__What to do__
Starting with the line that contains "and a cabana" and stopping after the line that contains "海盗船iCUE支持屏幕光效,我还加入了飞", return each line below exactly as written, with no others.

__Material provided__
↓↓↓
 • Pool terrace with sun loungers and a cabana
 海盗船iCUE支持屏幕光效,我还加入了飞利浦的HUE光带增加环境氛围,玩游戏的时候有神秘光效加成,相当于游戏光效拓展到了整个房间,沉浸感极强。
↑↑↑
↓↓↓
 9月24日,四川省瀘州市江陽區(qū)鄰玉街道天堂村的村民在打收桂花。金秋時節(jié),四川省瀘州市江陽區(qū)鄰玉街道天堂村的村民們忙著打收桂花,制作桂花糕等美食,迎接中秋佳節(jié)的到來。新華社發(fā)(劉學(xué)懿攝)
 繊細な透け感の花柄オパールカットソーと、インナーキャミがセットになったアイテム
↑↑↑
↓↓↓
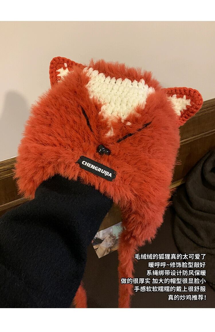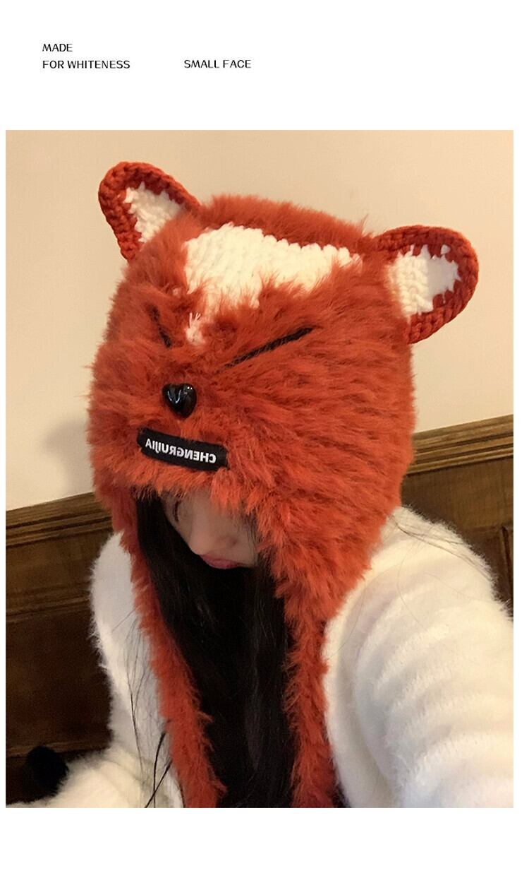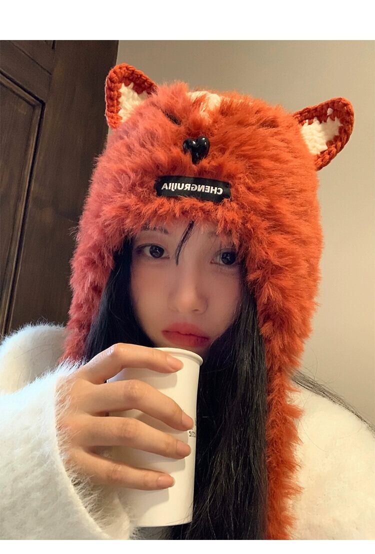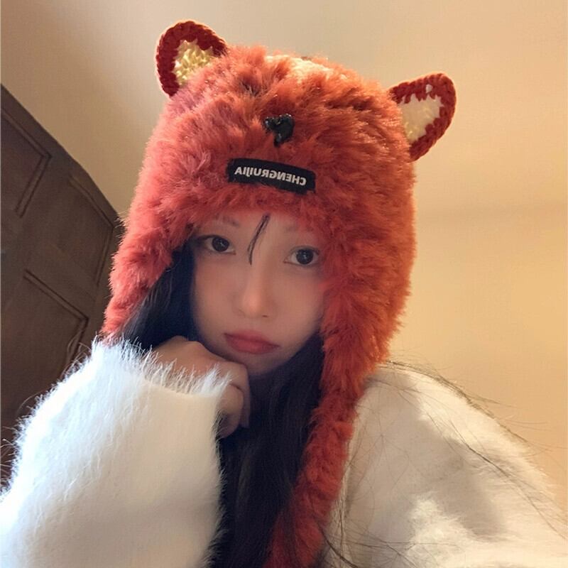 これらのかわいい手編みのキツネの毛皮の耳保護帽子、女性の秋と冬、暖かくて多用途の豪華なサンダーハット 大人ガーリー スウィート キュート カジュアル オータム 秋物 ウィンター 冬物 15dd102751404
↑↑↑
__Final answer__
 • Pool terrace with sun loungers and a cabana
 海盗船iCUE支持屏幕光效,我还加入了飞利浦的HUE光带增加环境氛围,玩游戏的时候有神秘光效加成,相当于游戏光效拓展到了整个房间,沉浸感极强。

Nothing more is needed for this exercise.